Менева сказал Мирьям, что,  когда Амада подрастет, он отвезет ее к шаману, человеку неба, и там ее назовут по обрядам лакота.

-То же самое имя, - улыбнулся индеец, - Лесная Роса. Так положено, должна быть церемония. У нее будет платье, расшитое бисером и костью, я пригоню табун лошадей.  После обряда, надо будет все это отдать тем, кто нуждается.  Человек учится помогать другим, так у нас принято. И я расскажу Амаде о ее предках, конечно.

Мирьям кормила. Она покачала засыпающую девочку и ничего не ответила.

-Она еврейка, - подумала Мирьям, - моя Авиталь. Я могу забрать ее с собой.  Сейчас новое время, ничего страшного. Могу сказать, что была замужем, что муж мой погиб..., Но Менева..., - она подняла голову и заметила, как индеец  печально, неотрывно смотрит на дочь.

Весной Авиталь пошла и стала говорить.
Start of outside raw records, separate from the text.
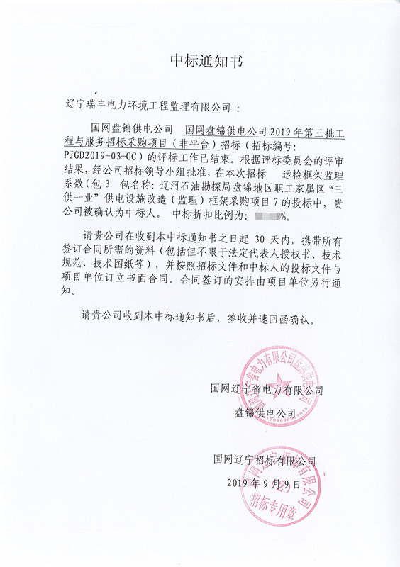 中標喜訊-遼河石油勘探局盤錦地區(qū)職工家屬區(qū)“三供一業(yè)”供電設施改造(監(jiān)理)框架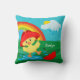 Celebrate the rain with this cute happy duck throw pillow. Pillow has a joyful yellow duck splashing in a puddle. The duck is wearing a polka dot hat and has a red umbrella. In the sky is a beautiful colourful rainbow, sun, clouds, and rain. Personalise the pillow with your child's first name.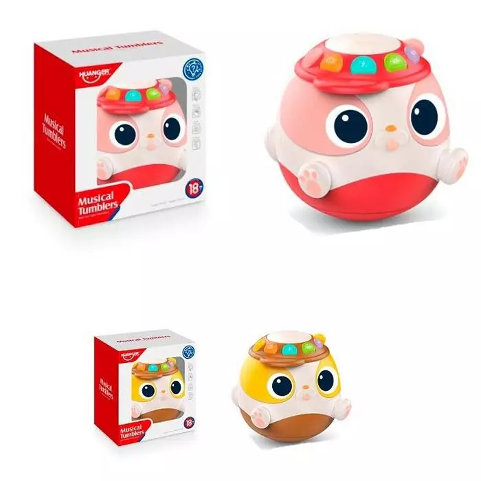 Гра HE0543-0544 неваляшка, барабан,регулятор гучності,2 кольори,муз.,світло,бат.,кор.,16-18,5-13см.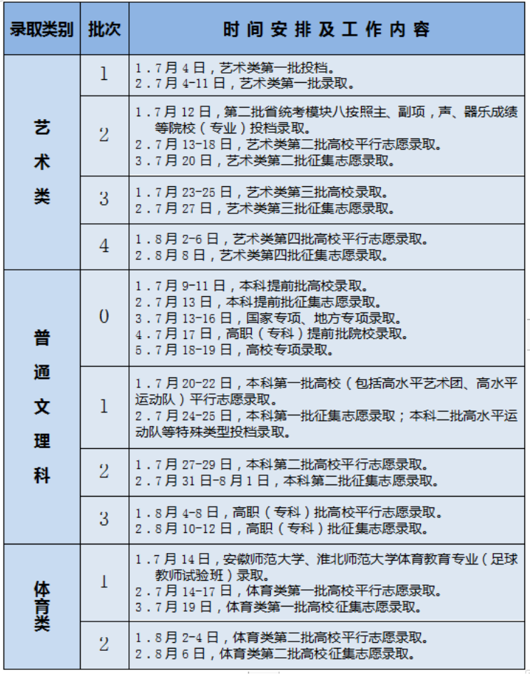 2022年安徽省普通高校招生錄取時間表公布
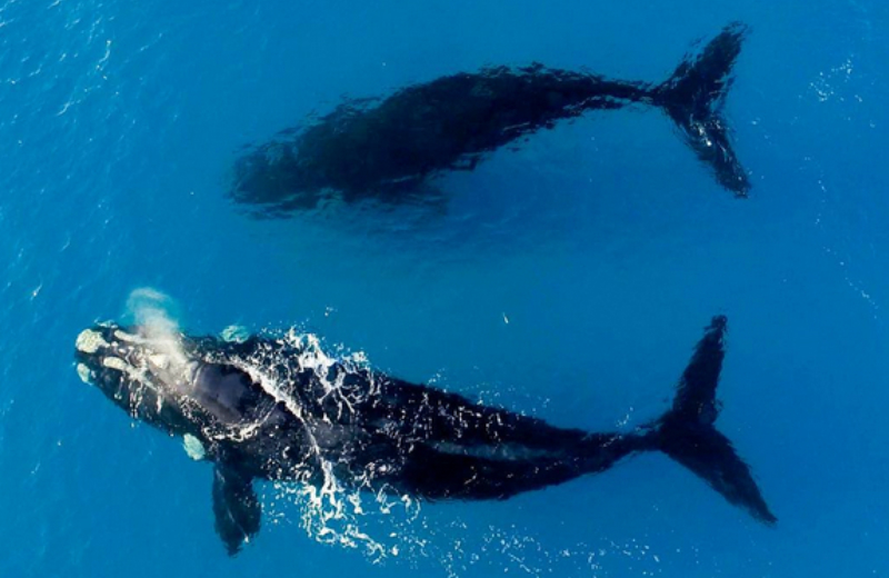 Logo abaixo do surfista, é possível admirar duas baleias gigantes nadando tranquilamente, sem demonstrar qualquer esboço de preocupação com a proximidade da prancha.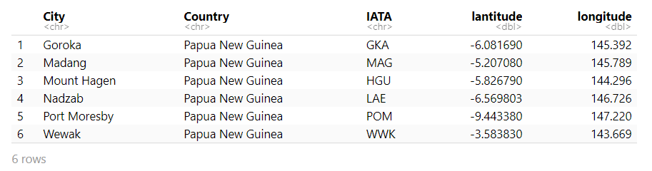 names(airport) <- c("City", "Country", "IATA", "lantitude","longitude")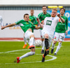 Fín aukaspyrna frá Hilmari inná teiginn en Guðmundur Steinn nær ekki að stýra skalla sínum á markið.
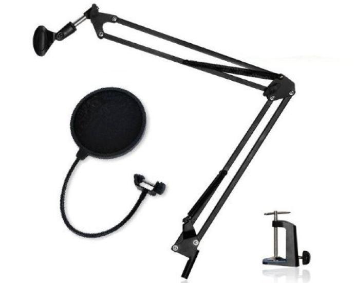 Desk Arm Tabletop Microphone Stand Pop Blocker Black + Set, Extendable,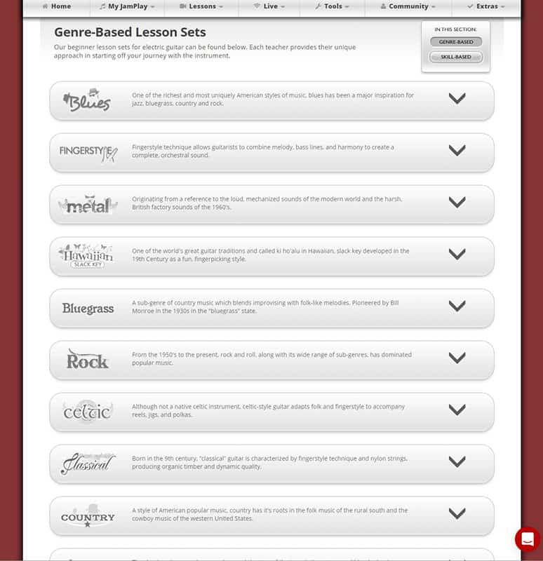 These 4 genre courses are well thought out and structured, just like their beginner material. If you are a total beginner and aim to learn to play rock guitar, blues guitar, or country guitar, progressing through these lessons will get you to a strong intermediate level.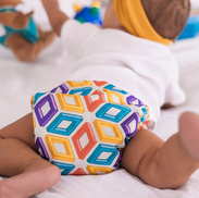 A product photography series for a cloth diaper brand that used bold retro ’90s-inspired patterns and playful styling to resonate with millennial moms. The visuals blended nostalgia with modern practicality, helping position the product as both stylish and functional for today’s parents.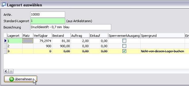 Ist in den Artikelstammdaten im Register Lager, Register Stammdaten das Kontrollkästchen Lagerortauswahl im Verkauf (bzw. Lagerortauswahl im Einkauf) aktiviert, wird vor der Artikelübernahme in einen Beleg das Formular Lagerort auswählen angezeigt. Hier kann ein Lagerort ausgewählt werden. Der Standard-Lagerort wird farbig hinterlegt angezeigt - sowohl im gleichnamigen Feld als auch in der Tabelle. Ein gesperrter Lagerort wird farbig hinterlegt und gestrichen dargestellt. Sperrvermerk und Sperrgrund sind in der Tabelle aufgeführt. Eine Übernahme aus einem gesperrten Lagerort ist nicht möglich.

Мирьям начала видеть сны. Она знала, что это бабушка Ханеле. Она слышала ласковый, настойчивый голос: «Тебе надо уйти, милая. У тебя своя стезя». В ее снах была бесконечная, снежная равнина, выл ветер, она слышала лай собак. Мирьям вздрагивала от выстрелов и открывала глаза. Менева был рядом, девочка сопела, умостившись у Мирьям на груди. Она прижималась к теплому, надежному плечу. Менева гладил ее по голове, шептал что-то ласковое и Мирьям успокаивалась. Однако она помнила слова бабушки и говорила себе: «До лета. Летом я заберу Авиталь и уеду».